■ **What needs to be done**
When a record contains an image, skip the image and retype the rest of that record exactly.

** Opening Data extract block **

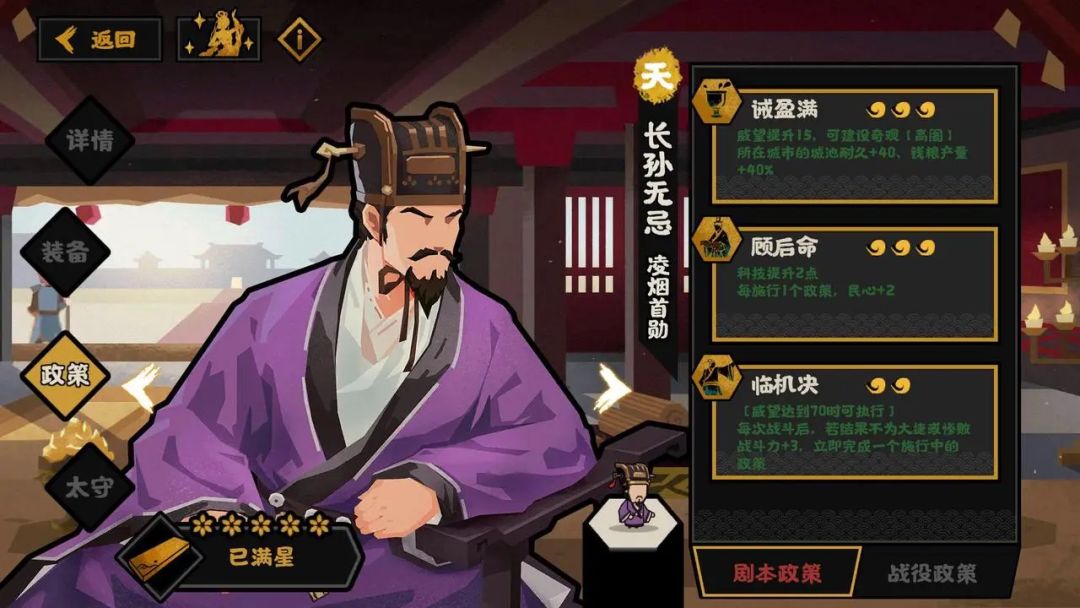 由于目前看不出魏征对于【政略】有什么需求,只能推测是作为房玄龄杜如晦的搭配名臣,或者在快速剧本中适当补充政略
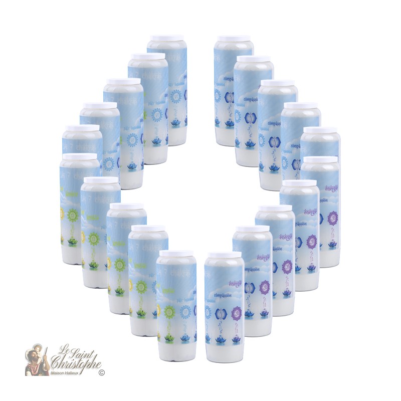 (20 velas de novena neutras y 20 pegatinas estarán en la caja)
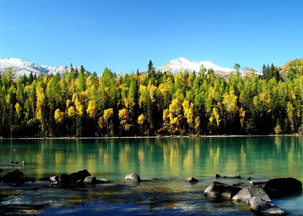 喀納斯湖會(huì)隨著季候和天氣的變化時(shí)時(shí)變換著自己的顏色:或湛藍(lán)、或碧綠、或黛綠、或灰白……有時(shí)諸色兼?zhèn)洌瑵獾嚅g,成了有名的變色湖。受強(qiáng)勁谷風(fēng)的吹送,倒入喀納斯湖的浮木,會(huì)逆水上漂,在湖的上游湖灣處聚堆成千米枯木長(zhǎng)堤,蔚為喀納斯湖的一大奇觀。
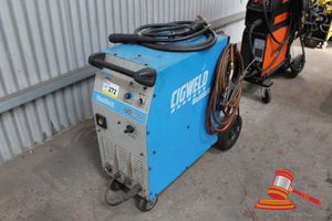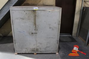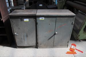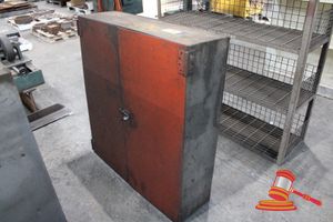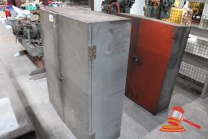 STEEL STORAGE CABINET, 2 DOOR, APPROX 1670mm x 1270mm x 1400mm, FOR WELDING WIRE STORAGE, INCLUDING 4 x ROLLS OF ESAB 1.2mm DUAL SHIELD 7100S, AS NEW, 1 x ROLL OF KISWEL 1,2mm FLUX CORE K-800HT, AS NEW, AND 1 x ROLL OF CIG ALUMINIUM 0.9mm WELDING WIRE, AS NEW.
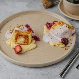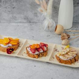 Домашний банановый хлеб, запечённый до золотистой корочки, подаётся с ягодным йогуртом и тремя начинками: бананом, персиком и клубникой. Украшается тёртыми орехами и микрозеленью
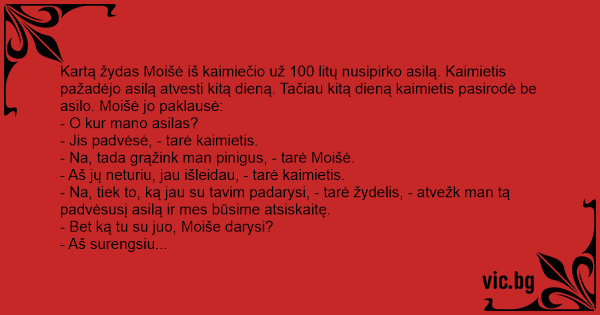 Kartą žydas Moišė iš kaimiečio už 100 litų nusipirko asilą. Kaimietis pažadėjo asilą atvesti kitą dieną. Tačiau kitą dieną kaimietis pasirodė be asilo. Moišė jo paklausė:
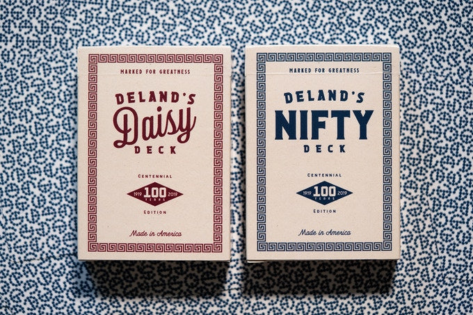 The DeLand Centennial project brings two amazing decks of marked playing cards back to life. Originally printed in 1919, the Daisy Deck and Nifty Deck were created by Theodore DeLand. In honor of their 100th anniversary, we have recreated these ingenious decks from the ground up.
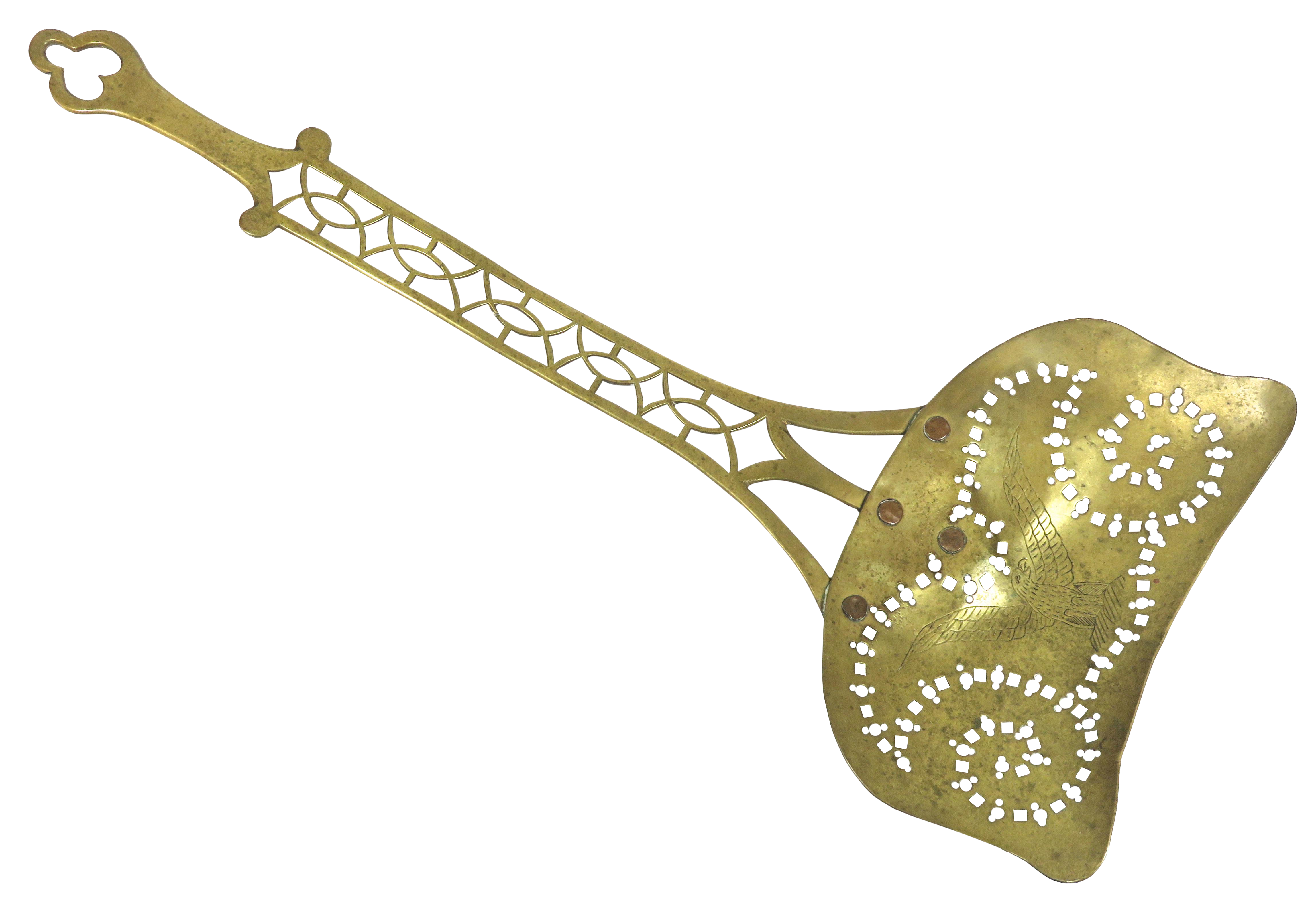 Vintage Brass Skimmer Paddle Chestnut Roaster Fireplace Hearth
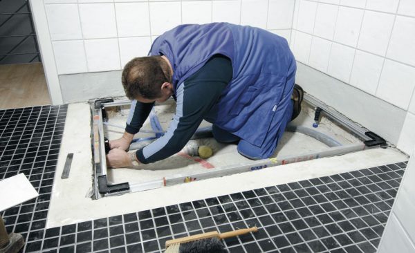 Если душевая кабина устанавливается на совершенно не подготовленном месте, то работы начинаются с установки тройника в канализационный сток с отводом на душ, причем уровень установки его должен быть ниже поверхности пола.
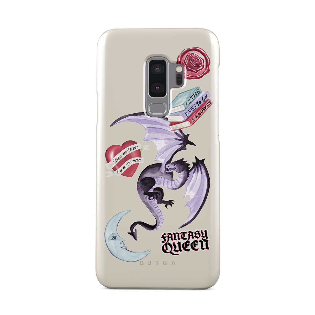 Questo design include: drago viola, sticker "Fantasy Queen", luna crescente, sigillo di cera viola, cuore con messaggio, libri.
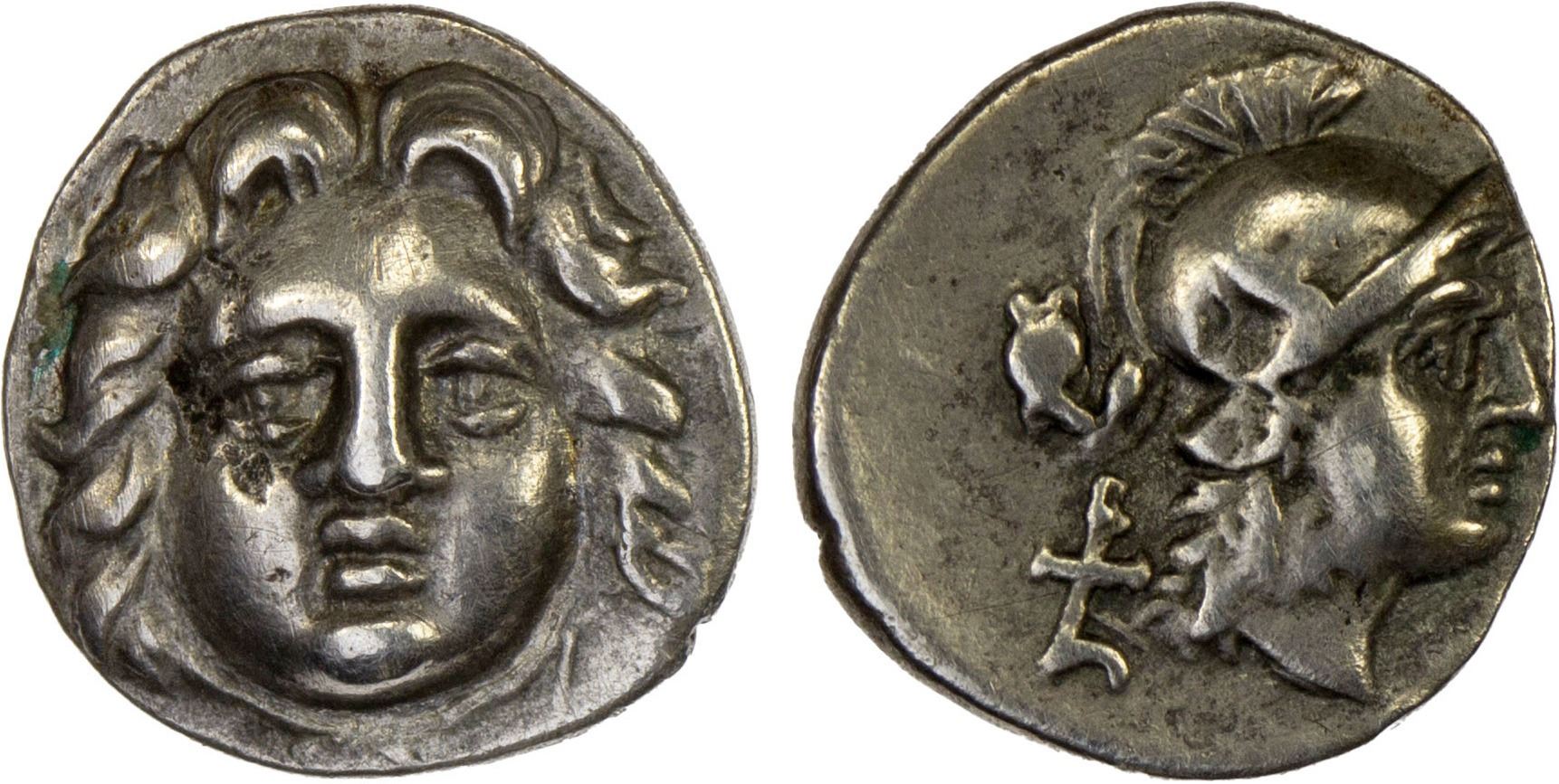 PISIDIA: Selge, AR obol (0.90g), ca. 250-190 BC, SNG Ashmolean 1546-50, gorgoneion facing // helmeted head of Athena right, astragalos above symbol to left, Choice VF.
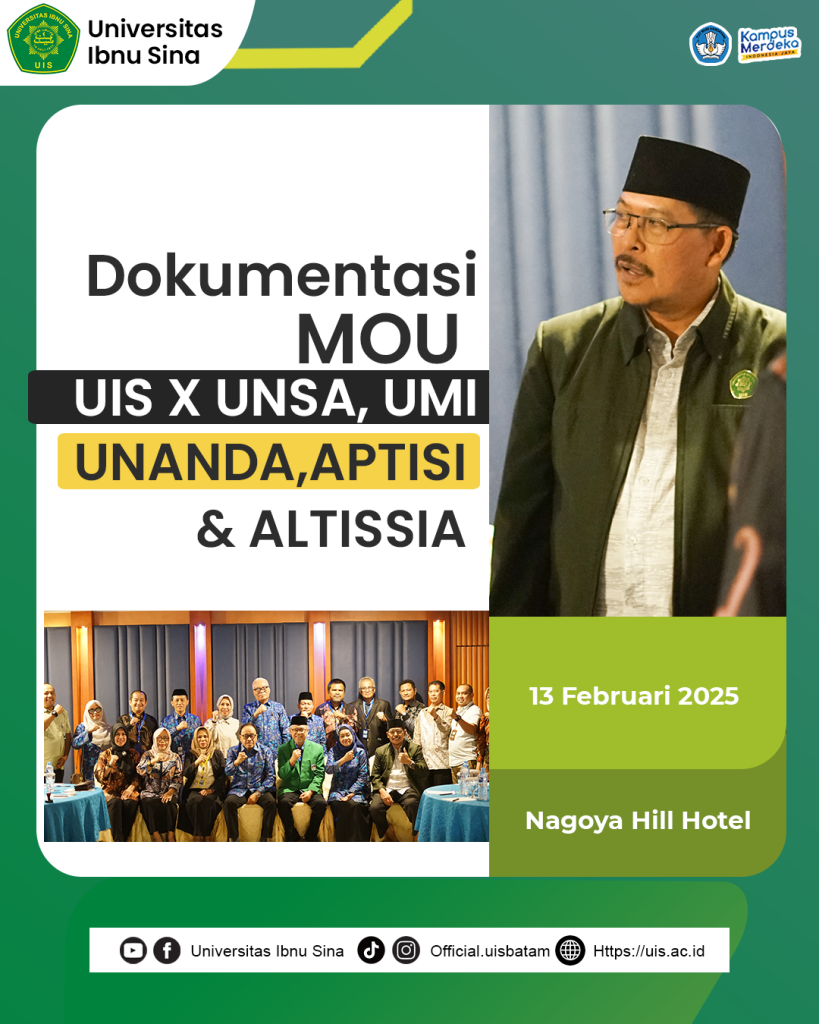 UIS – Universitas Ibnu Sina (UIS) menandatangani Nota Kesepahaman (MoU) dengan Universitas Surakarta (UNSA), Universitas Muslim Indonesia (UMI), Universitas Andi Djemma (UNANDA), Asosiasi Perguruan Tinggi Swasta Indonesia (APTISI), dan Lembaga Bahasa ALTISSIA. Acara ini berlangsung di sela-sela Rembuk Nasional, Rapat Pengurus Pusat, dan Pleno ke-IV APTISI pada Sabtu (15/2/2025) di Nagoya Hill Hotel, Batam.
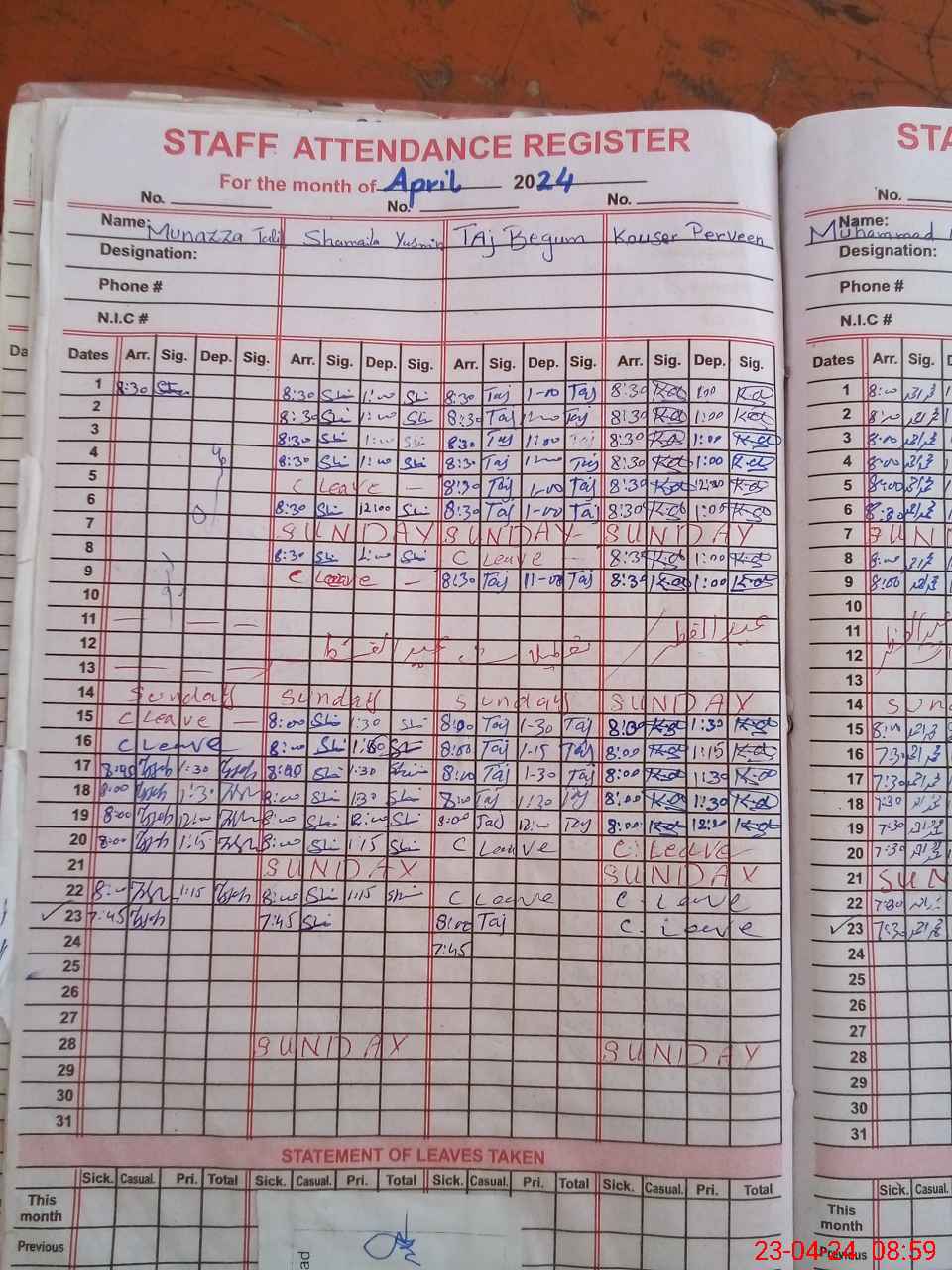 | CNIC | Full Name | Designation | R/C | Absence During Last Calender Month |
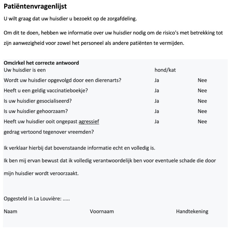 Hier is een voorbeeld van het document dat vooraf moet worden ondertekend door de persoon die verantwoordelijk is voor het dier en dat vervolgens aan het dossier van de patiënt wordt toegevoegd om redenen van traceerbaarheid.
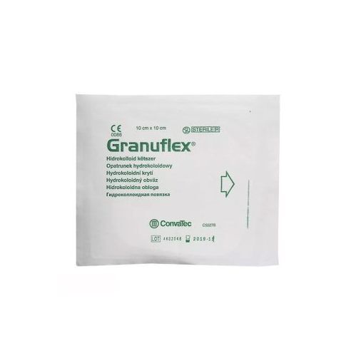 Sposób użyciaOpatrunek Granuflex nakłada się na rany zdezynfekowane roztworem dowolnej substancji, nie opisano interakcji między znanymi środkami dezynfekującymi a aktywnym hydrokoloidem. Opatrunek nakładać na powierzchnie osuszone uprzednio jałową gazą. Musi on zajmować margines skóry nieuszkodzonej (około 2–3 cm). Opatrunek hydrokoloidowy należy zmienić, gdy zaczynają się spod niego wydobywać nadmierne ilości wysięku, uniemożliwiające prawidłowe funkcjonowanie i higienę pacjenta. W zależności od stopnia wilgotności rany następuje to zwykle między 2 a 6 dniem od momentu założenia opatrunku na ranę. Opatrunki hydrokoloidowe można łatwo przycinać, by dostosować je do kształtu, wielkości i lokalizacji rany. Warstwa wewnętrzna opatrunku jest samoprzylepna, nie wymaga więc on dodatkowego mocowania na ranie.

** Closing Data extract block **

■ **Answer to the exercise**
 由于目前看不出魏征对于【政略】有什么需求,只能推测是作为房玄龄杜如晦的搭配名臣,或者在快速剧本中适当补充政略
 (20 velas de novena neutras y 20 pegatinas estarán en la caja)
 喀納斯湖會(huì)隨著季候和天氣的變化時(shí)時(shí)變換著自己的顏色:或湛藍(lán)、或碧綠、或黛綠、或灰白……有時(shí)諸色兼?zhèn)洌瑵獾嚅g,成了有名的變色湖。受強(qiáng)勁谷風(fēng)的吹送,倒入喀納斯湖的浮木,會(huì)逆水上漂,在湖的上游湖灣處聚堆成千米枯木長(zhǎng)堤,蔚為喀納斯湖的一大奇觀。
 STEEL STORAGE CABINET, 2 DOOR, APPROX 1670mm x 1270mm x 1400mm, FOR WELDING WIRE STORAGE, INCLUDING 4 x ROLLS OF ESAB 1.2mm DUAL SHIELD 7100S, AS NEW, 1 x ROLL OF KISWEL 1,2mm FLUX CORE K-800HT, AS NEW, AND 1 x ROLL OF CIG ALUMINIUM 0.9mm WELDING WIRE, AS NEW.
 Домашний банановый хлеб, запечённый до золотистой корочки, подаётся с ягодным йогуртом и тремя начинками: бананом, персиком и клубникой. Украшается тёртыми орехами и микрозеленью
 Kartą žydas Moišė iš kaimiečio už 100 litų nusipirko asilą. Kaimietis pažadėjo asilą atvesti kitą dieną. Tačiau kitą dieną kaimietis pasirodė be asilo. Moišė jo paklausė:
 The DeLand Centennial project brings two amazing decks of marked playing cards back to life. Originally printed in 1919, the Daisy Deck and Nifty Deck were created by Theodore DeLand. In honor of their 100th anniversary, we have recreated these ingenious decks from the ground up.
 Vintage Brass Skimmer Paddle Chestnut Roaster Fireplace Hearth
 Если душевая кабина устанавливается на совершенно не подготовленном месте, то работы начинаются с установки тройника в канализационный сток с отводом на душ, причем уровень установки его должен быть ниже поверхности пола.
 Questo design include: drago viola, sticker "Fantasy Queen", luna crescente, sigillo di cera viola, cuore con messaggio, libri.
 PISIDIA: Selge, AR obol (0.90g), ca. 250-190 BC, SNG Ashmolean 1546-50, gorgoneion facing // helmeted head of Athena right, astragalos above symbol to left, Choice VF.
 UIS – Universitas Ibnu Sina (UIS) menandatangani Nota Kesepahaman (MoU) dengan Universitas Surakarta (UNSA), Universitas Muslim Indonesia (UMI), Universitas Andi Djemma (UNANDA), Asosiasi Perguruan Tinggi Swasta Indonesia (APTISI), dan Lembaga Bahasa ALTISSIA. Acara ini berlangsung di sela-sela Rembuk Nasional, Rapat Pengurus Pusat, dan Pleno ke-IV APTISI pada Sabtu (15/2/2025) di Nagoya Hill Hotel, Batam.
 | CNIC | Full Name | Designation | R/C | Absence During Last Calender Month |
 Hier is een voorbeeld van het document dat vooraf moet worden ondertekend door de persoon die verantwoordelijk is voor het dier en dat vervolgens aan het dossier van de patiënt wordt toegevoegd om redenen van traceerbaarheid.
 Sposób użyciaOpatrunek Granuflex nakłada się na rany zdezynfekowane roztworem dowolnej substancji, nie opisano interakcji między znanymi środkami dezynfekującymi a aktywnym hydrokoloidem. Opatrunek nakładać na powierzchnie osuszone uprzednio jałową gazą. Musi on zajmować margines skóry nieuszkodzonej (około 2–3 cm). Opatrunek hydrokoloidowy należy zmienić, gdy zaczynają się spod niego wydobywać nadmierne ilości wysięku, uniemożliwiające prawidłowe funkcjonowanie i higienę pacjenta. W zależności od stopnia wilgotności rany następuje to zwykle między 2 a 6 dniem od momentu założenia opatrunku na ranę. Opatrunki hydrokoloidowe można łatwo przycinać, by dostosować je do kształtu, wielkości i lokalizacji rany. Warstwa wewnętrzna opatrunku jest samoprzylepna, nie wymaga więc on dodatkowego mocowania na ranie.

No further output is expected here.